- _ASSIGNMENT_
Give back exactly the lines from the start of the entries below to the line holding "Pletená čepice s", that line included, and leave every picture out.

##############################

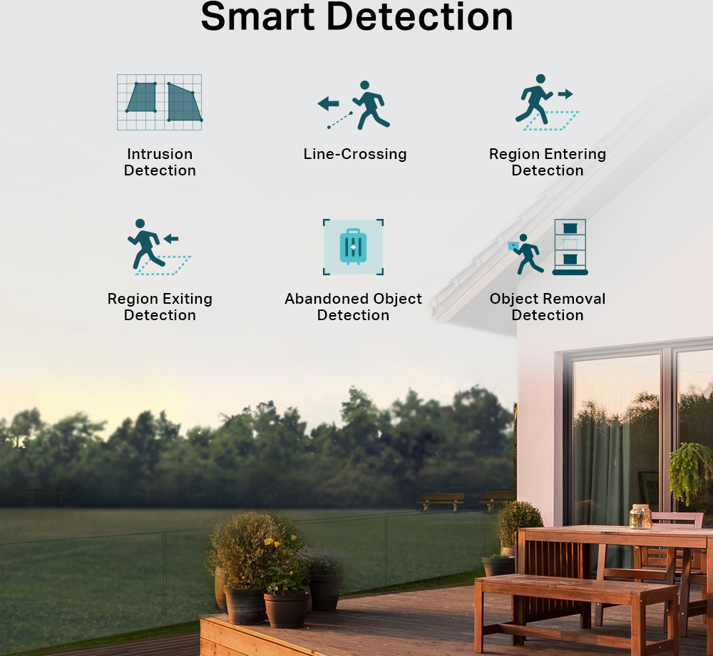 ALARM AND EVENT MANAGEMENT | Smart Event | Human & Vehicle Classification, Area Intrusion Detection, Line-Crossing Detection, People Detection, Vehicle Detection, Region Entering Detection, Region Exiting Detection, Object Abandoned Detection, Object Removal Detection |
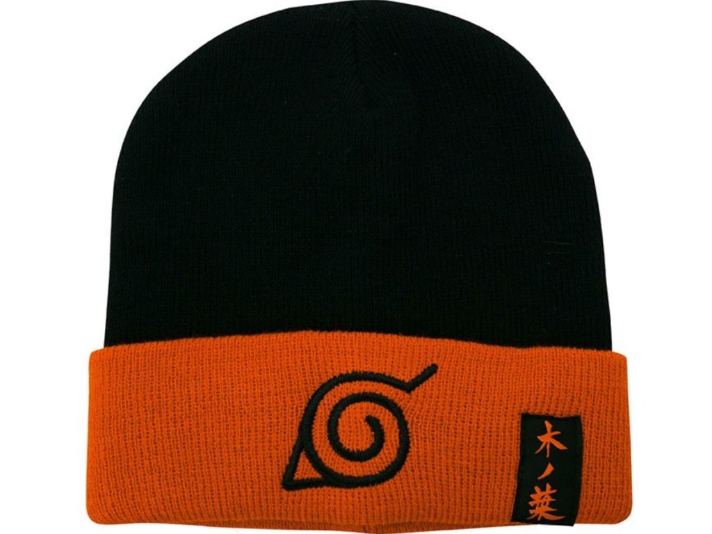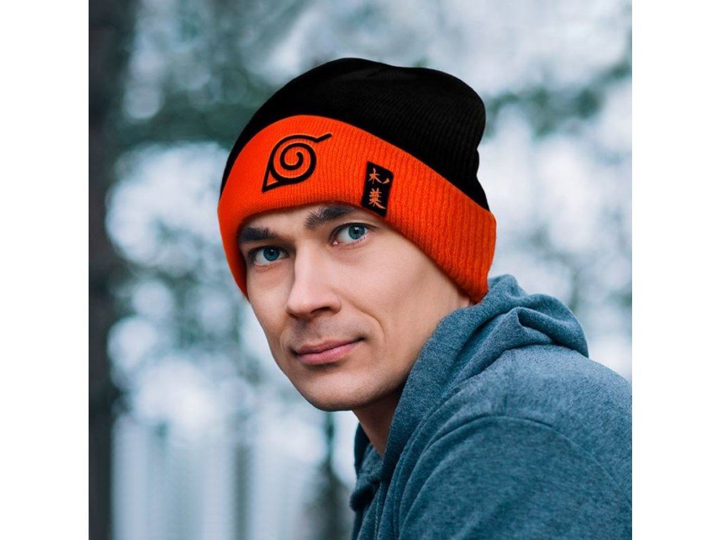 Pletená čepice s ikonickým znakem Skryté listové vesnice z anime Naruto. Kombinace černé a oranžové barvy připomíná oblíbeného hrdinu Naruta Uzumakiho a díky měkkému materiálu tě udrží v teple i během zimních misí.
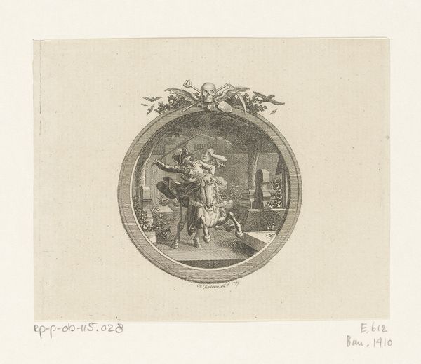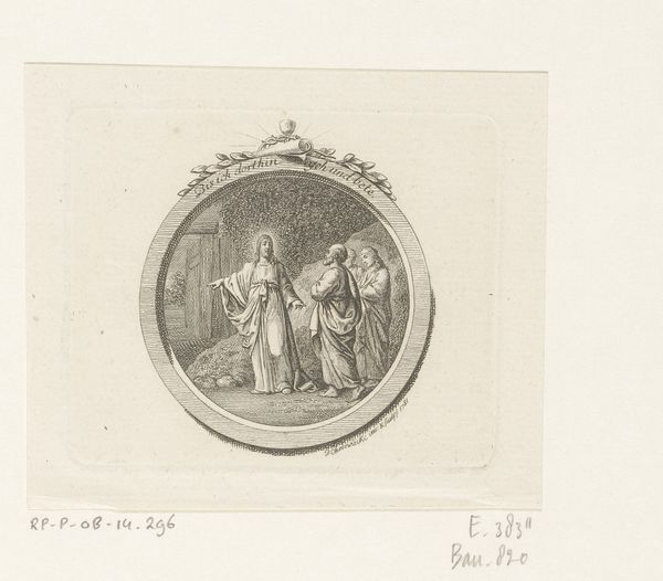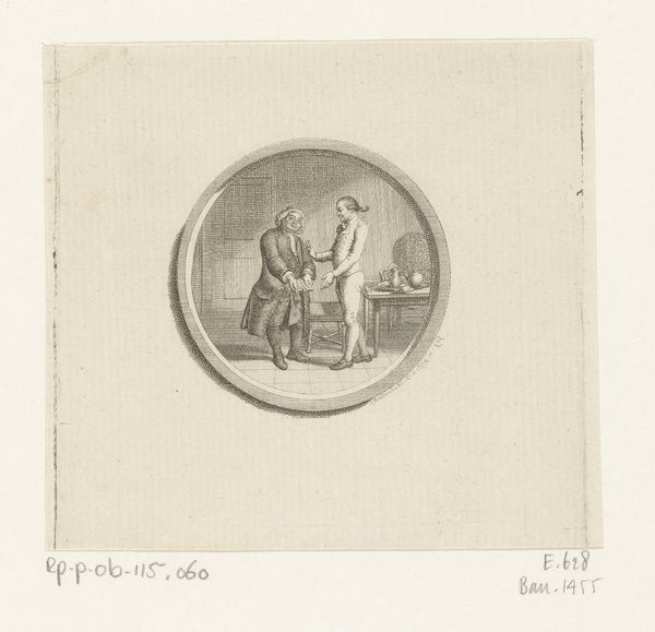 Curator: Looking at this etching, titled "Cyrus in gesprek met Daniël" ("Cyrus in Conversation with Daniel"), created by Daniel Nikolaus Chodowiecki in 1779, the neoclassical style immediately stands out. Editor: Yes, there's something so somber about it, despite what I imagine is supposed to be a moment of revelation. All those grey tones and precise lines convey a kind of… resignation? Curator: As a narrative print illustrating a biblical scene, Chodowiecki draws from a long tradition of visually interpreting scripture. Note how Daniel, on the right, gestures heavenward, bathed in divine light. The beam signifies the power dynamic at play here. Editor: It strikes me, though, that Cyrus, on the left, seems almost… resistant? His body language, though composed, hints at a conflict, or perhaps even an imposition of power that requires divine intervention to legitimize. It's as though he must accept a mandate, perhaps even reluctantly. Curator: That’s interesting. Within the visual language of the 18th century, that upwards gesture by Daniel was generally recognized as indicating the divine will. The scene recalls narratives of prophecy and validation of earthly rulers by spiritual figures. Remember, engravings like these would have disseminated ideas widely at the time. The light becomes a symbol of not only God's endorsement, but, in essence, an endorsement by the power structures that supported these visual narratives. Editor: It does make you think about the use of religion to legitimize political actions. The image hints at questions that echo across time – who interprets the divine will and whose agendas do they serve? Curator: A valid question. Though this image originates from the past, understanding its iconography invites contemplation regarding its influence and implications today. Editor: I'll leave with the thought that the tension apparent in the image is perhaps still with us, informing the debates on the relationships of governance, religious freedom, and cultural identity.
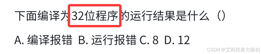 32位环境下,运行结果是12,所以选择D选项。
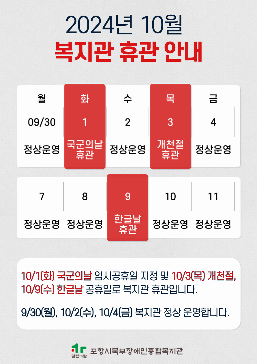 2024년 10월 복지관 휴관 안내 최고관리자 공지 0 349 2024.09.19 09:40 <2024년 10월 복지관 휴관 안내>- 10/1(화) 국군의날 임시공휴일 지정 및 10/3(목) 개천절, 10/9(수) 한글날 공휴일로 복지관 휴관입니다
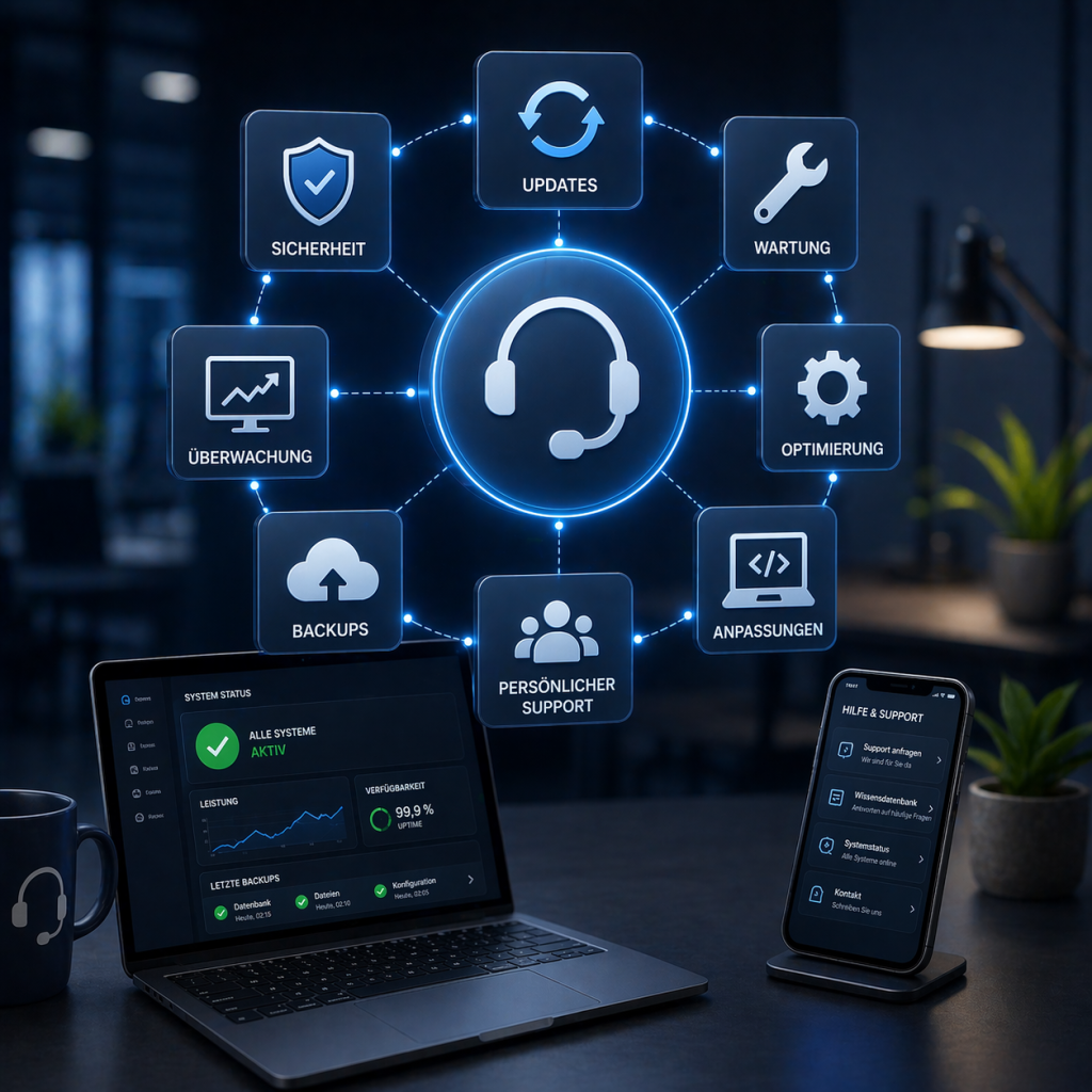 Auch nach dem Start bleiben wir an Ihrer Seite. Wir kümmern uns um Updates, Sicherheit und Anpassungen, wenn sich Ihr Unternehmen oder Ihre Anforderungen ändern.
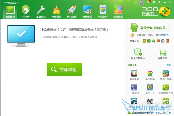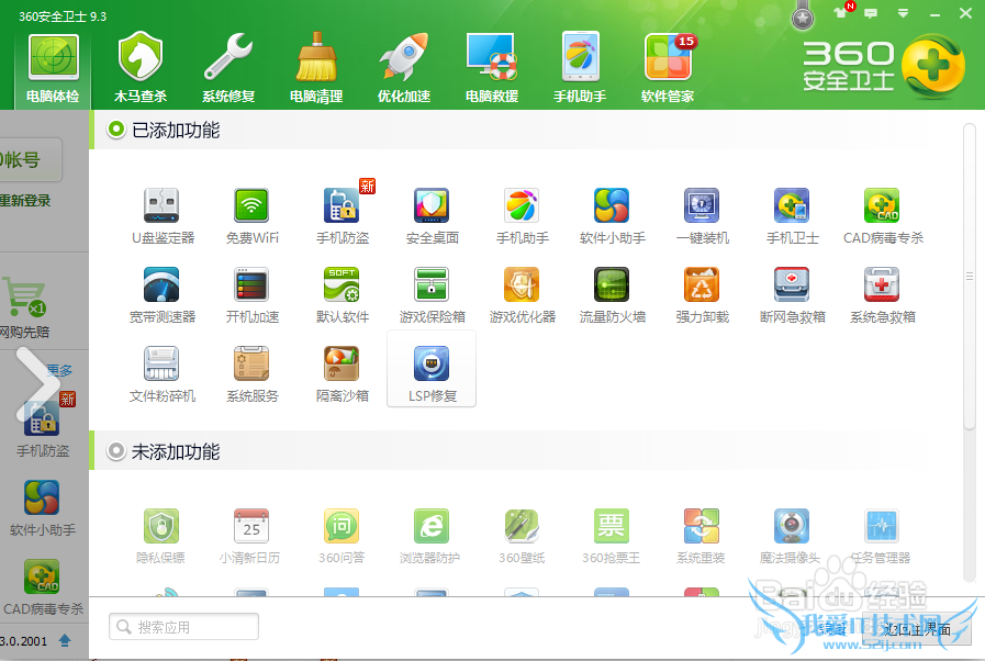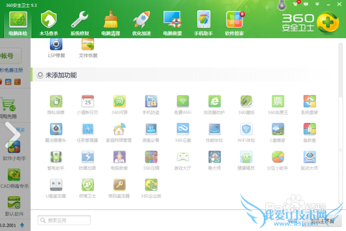 打开360安全卫士,在右侧功能大全处单击【更多】,弹出更多的360功能。

##############################

- _REPLY_
 ALARM AND EVENT MANAGEMENT | Smart Event | Human & Vehicle Classification, Area Intrusion Detection, Line-Crossing Detection, People Detection, Vehicle Detection, Region Entering Detection, Region Exiting Detection, Object Abandoned Detection, Object Removal Detection |
 Pletená čepice s ikonickým znakem Skryté listové vesnice z anime Naruto. Kombinace černé a oranžové barvy připomíná oblíbeného hrdinu Naruta Uzumakiho a díky měkkému materiálu tě udrží v teple i během zimních misí.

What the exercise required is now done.